Betroffen sind die Streckseiten der Extremitäten, das Capillitium, das Gesicht und
der Rumpf sowie auch Handinnenflächen und Fußsohlen. Die wichtigsten Differenzialdiagnosen
sind die klinisch oft nur sehr schwer abgrenzbaren kutanen Lymphome, Ekzeme und Psoriasis
[2].
Bei der Acanthosis nigricans handelt es sich um eine Hyperpigmentierung und Papillomatose
in den großen Körperfalten. Man unterscheidet dabei grundsätzlich zwischen einer paraneoplastischen
Form („Acanthosis nigricans maligna“), besonders häufig assoziiert mit Adenokarzinomen
des Magens [8] und verschiedenen nicht-paraneoplastischen Formen („Pseudoacanthosis nigricans“).
Kasuistik
Ein 53-jähriger Patient (170 cm, 85 kg) stellte sich mit einer „seit mehr als 12 Jahren
bekannten Psoriasis“ vor, welche bisher äußerlich mit Vitamin-D3-Analoga sowie kurzzeitig
mit UV-Therapie behandelt worden sei. Seit etwa einem Jahr sei es zu einer deutlichen
Verschlechterung gekommen. Die Infektanamnese war leer, Gelenkbeschwerden verneinte
er. Als Vorerkrankungen gab er einen Apoplex im Jahre 2005 an. An Medikamenten nahm
er Bisoprolol, ASS, Valsartan sowie ein Kombinationspräparat aus Simvastatin und Ezetimib
ein.
Es zeigte sich eine Suberythrodermie mit landkartenartigen randbetonten Plaques mit
leichter Schuppung betont an Stamm und Extremitäten mit dazwischen liegenden Arealen
gesunder Haut ([Abb. 1] und [Abb. 2]). Daneben auch mäßig ausgeprägte Kopfschuppung. Darüber hinaus war im Nacken, an
der Halspartie, axillär sowie inguinal mit Perianalbereich eine Vergröberung des Hautreliefs
mit fibrinösen Papeln und schwarzer Hyperpigmentierung zu sehen ([Abb. 3]).
Abb.1 Suberythrodermie mit anulären Herden und Nappes claires bei Pityriasis rubra pilaris.
Abb. 2 Pityriasis rubra pilaris und Akanthosis nigricans.
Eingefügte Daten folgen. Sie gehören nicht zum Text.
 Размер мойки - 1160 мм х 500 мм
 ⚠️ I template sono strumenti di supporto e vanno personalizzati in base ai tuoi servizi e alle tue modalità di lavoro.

Abb. 3 Akanthosis nigricans mit Hyperpigmentierung, Lichenifikation und kleinen Papeln.
Das Labor ergab neben leichtgradig erhöhten Leberwerten ein geringfügig erniedrigtes
Kalium, welches daraufhin substituiert wurde. Daneben zeigte sich ein diskret erhöhter
HbA1c von 6,1 %. Das übrige Labor, einschließlich Blutfette, Serumelektrophorese sowie
sämtlicher üblicher Tumormarker war komplett normwertig.
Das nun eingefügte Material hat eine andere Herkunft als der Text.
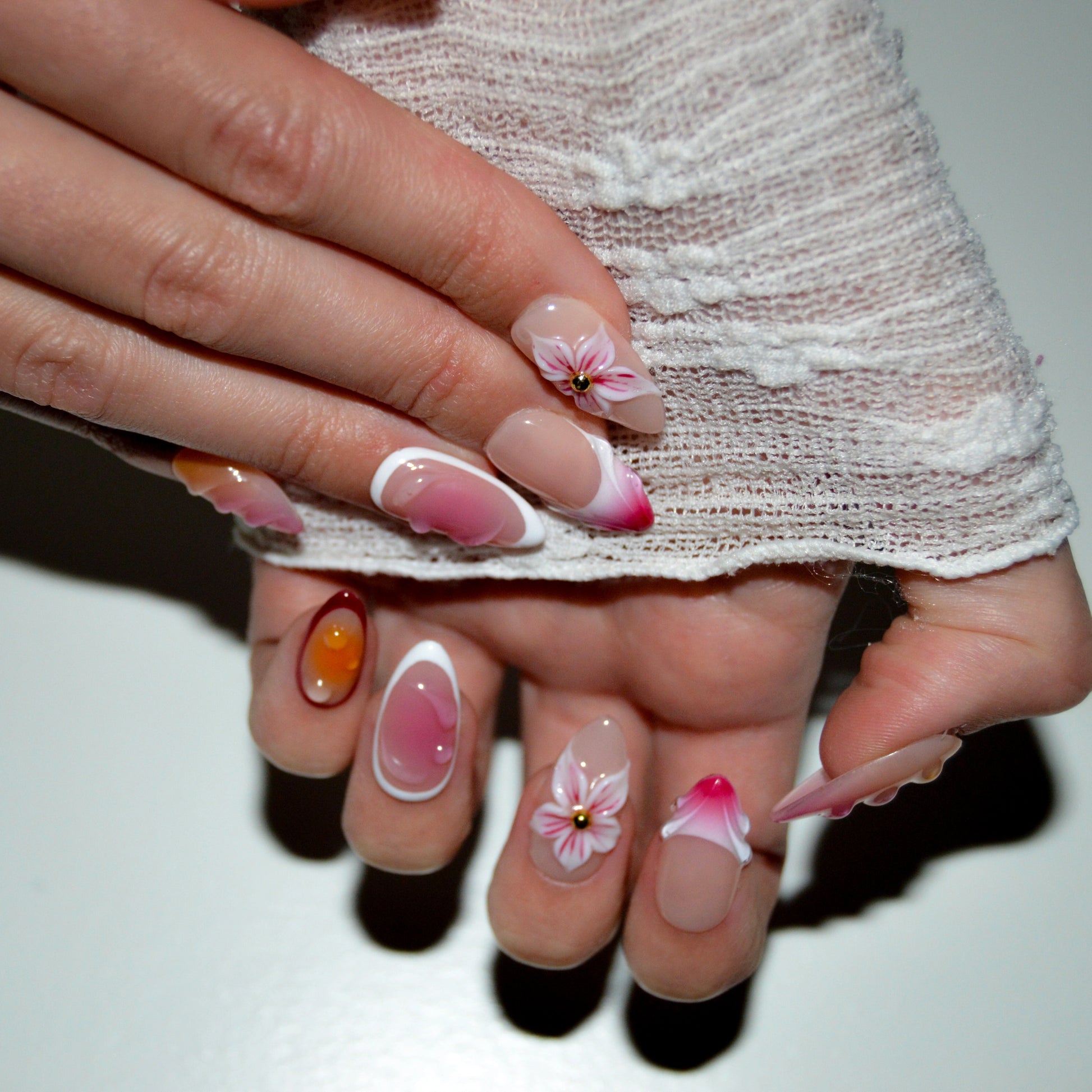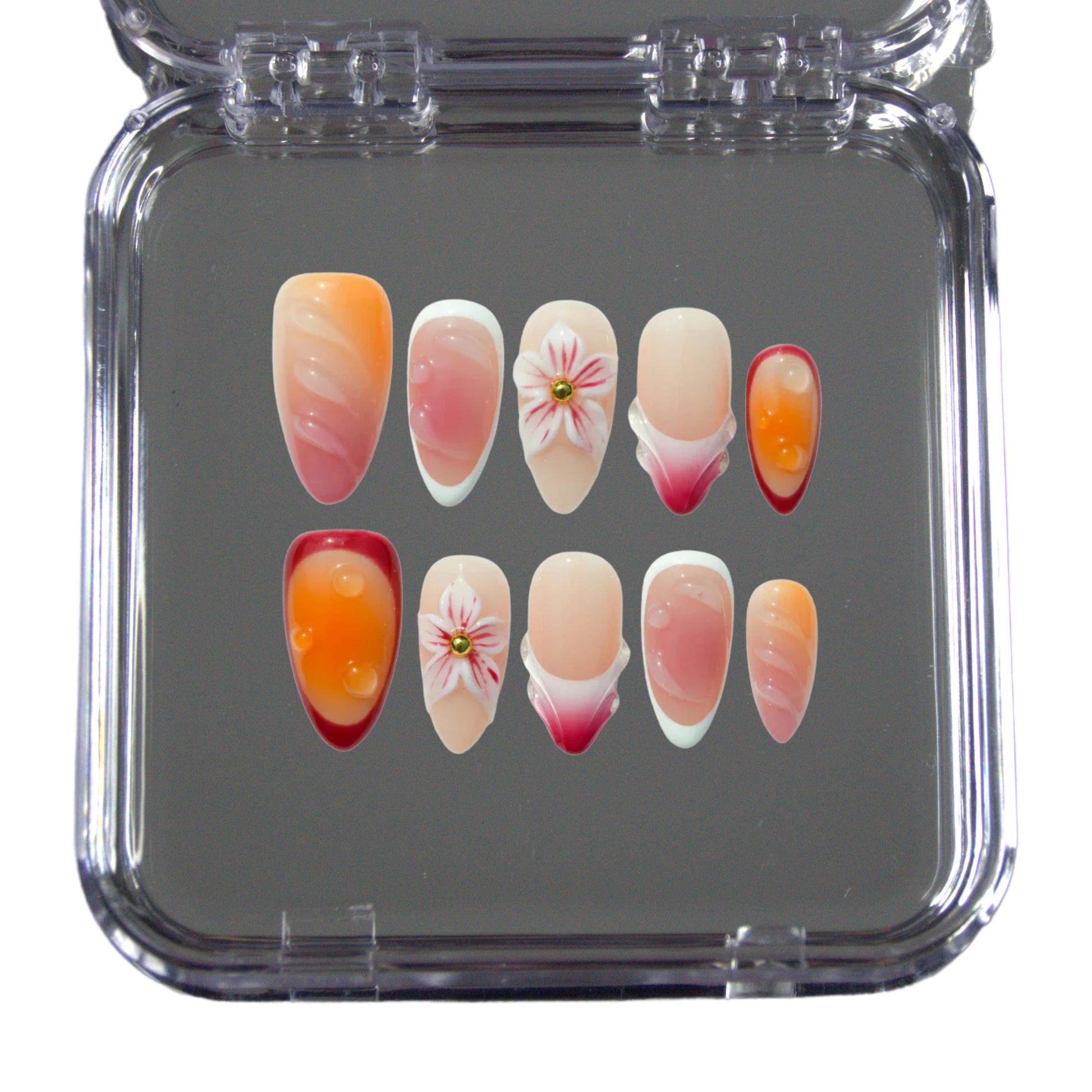 Faux ongles press-on faits main aux nuances rose et orange, décorés de fleurs 3D blanches et de dégradés lumineux. Un design délicat et coloré qui apporte une touche élégante et pétillante à la manucure.

Die bildgebenden Untersuchungen, Röntgen-Thorax, Abdomensonografie sowie Koloskopie
blieben unauffällig/ohne Hinweise auf Malignität.
Wir entnahmen zwei Gewebeproben. Probe 1 ([Abb. 4]), welche am oberen Rücken entnommen wurde, zeigte histopathologisch eine follikuläre
Hyperkeratose, eine ausgeprägte Schulterparakeratose (ohne Munro-Mikroabszesse), im
Bereich des Epithels eine psoriasiforme Akanthose sowie subepithelial entzündliche
Veränderungen mit lympho-histiozytärem Infiltrat.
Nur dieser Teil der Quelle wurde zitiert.